Irish families could save a massive £65m in a year by switching mortgage providers, the Central Bank has revealed. - Kieran Dineen
It found one in five mortgage holders could cash in by switching to another lender.
According to their analysis 26,955 families could save more than €10,000 over the lifetime of their home loans.
And 16,000 mortgage-holders would be at least €1,000 better off in the first 12 months by shopping around. The Central Bank research found 21 per cent of mortgage-holders could switch for lower interest rates.
But the report says only 38 people a month are making this change.
This comes six months after the Irish Sun revealed the savings on offer for homeowners.
As part of our Spike The Hike campaign, we compared the prices from lenders on a 20-year €200,000 mortgage, where the Property was worth €250,000.
The Bonkers.ie study found savings of €85 a month on offer, which come to €20,400 over the lifetime of the loan.
The new research by the Central Bank, which looked at more than 500,000 mortgages shows almost half of borrowers can't save because they have tracker mortgages.
A third aren't in a position to switch either because their loan value is too small, or they are in arrears.
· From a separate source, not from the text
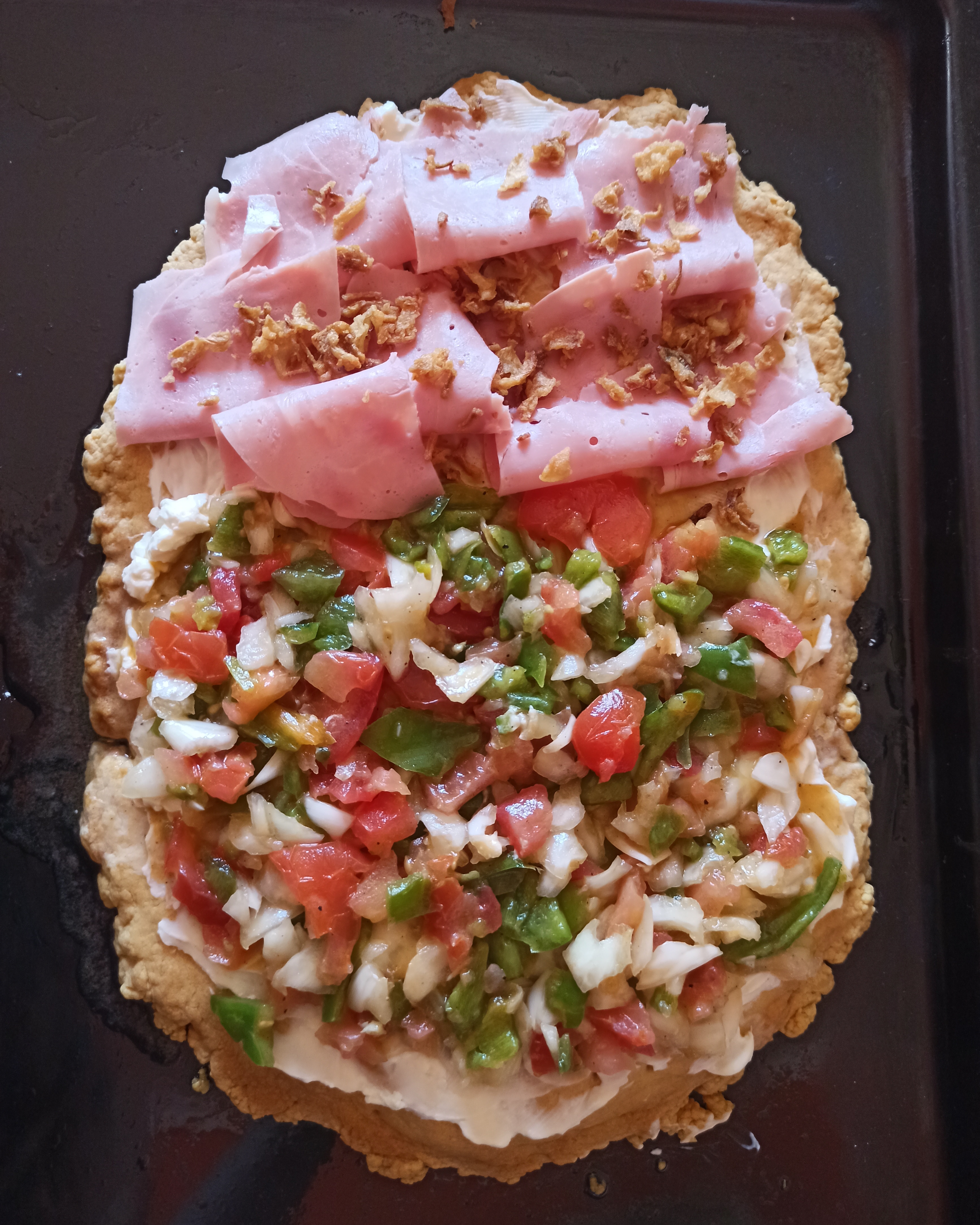 * Yo hice la mitad añadiendo jamón de York y cebolla frita .

But for 21 per cent there is no barrier and the report noted: "The cumulative available savings across all mortgages in the 12 months after switching are £65million."
Most lenders cover at least on offer for €1,000 of the legal fees, meaning it costs just €300 to change banks, it states. But Simon Moynihan of Bonkers.ie said: "You may as well be talking to the wall than asking people to change mortgages.
“Unfortunately, Irish people tend not to change. They open an account their parents' bank or one offering a student offer, and stick with it."
Fianna Fail called for the introduction of a code of conduct to help people switch providers.
Finance spokesman Deputy Michael McGrath said: "The Central Bank report on mortgage switching blows apart any lingering notion of a competitive, mortgage market in Ireland.
"The stark reality is that the banks are simply not interested in facilitating customers to move their mortgage to get lower rates.
"This report highlights the urgent need for the Central Bank to introduce a statutory code of conduct on mortgage switching.
"A strong code would provide certainty to mortgage holders about the process involved and ensure the mortgage holder's rights are protected."